The MP went up the steps. The boards groaned under his feet. The jingle of keys. A cross squeak from the door. In the dark, a spot of loose plaster came off with a crash. The Captain almost jumped out of his skin. He heard indistinct muttering overhead. A second voice. Then some movement. A man sleepily got off his bed. The floor above bounced. Footfall came down the steps. The handrail began to tremble.
‘An officer’s come to take you away,’ the MP was saying. ‘Here he is,’ he heard suddenly from right next to him, and the Sergeant was standing in front of him. The Captain stared at the white patches on the wall.

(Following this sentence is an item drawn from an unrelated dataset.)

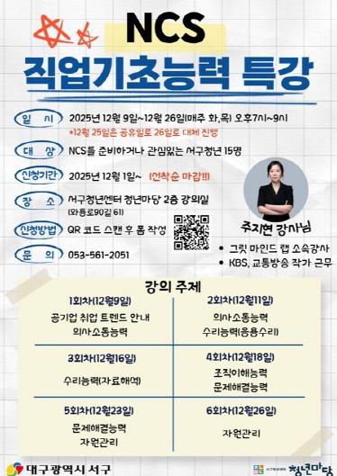 'NCS(국가 직무능력 표준) 직업 기초 능력 특강'은 선착순으로 모집하며, 12월 9일부터 12월 26일까지 매주 화요일과 목요일 오후 7시부터 9시까지 총 6회차로 진행된다. 대구 서구에 주소를 둔 19세 이상 39세 이하의 NCS(국가 직무능력 표준)를 준비하거나 관심 있는 청년 누구나 참여할 수 있으며, 참여를 희망하는 청년은 모집 포스터에 안내된 QR코드(정보 무늬 코드)를 통해 신청할 수 있다.

‘My watch,’ he heard the Sergeant say. The MP replied:
‘I don’t have it.’
‘Yes, but it’s gone.’
‘Don’t you get cheeky with me,’ barked the MP.
The Captain thought he had never witnessed an uglier scene. He knew who had the watch. The MP’s behaviour had been conspicuous all along.
‘What about my belt? My pistol?’ asked the Sergeant.
‘They’re staying here,’ replied the Captain in a voice he didn’t recognize as his own.
‘Wouldn’t you like to sign now?’ The MP held out the tattered book again.
‘No. Later. We have to go now.’
The Captain felt relieved to escape the light of the lantern. While the MP opened the iron door, the Sergeant shook his head and said: ‘Without a belt!’ The Captain thought he was being ridiculous. As they stepped outside, the booming of the Front sounded like the noise from a shunting yard. Red firelight lay over the forests. Their footfall echoed in the darkness.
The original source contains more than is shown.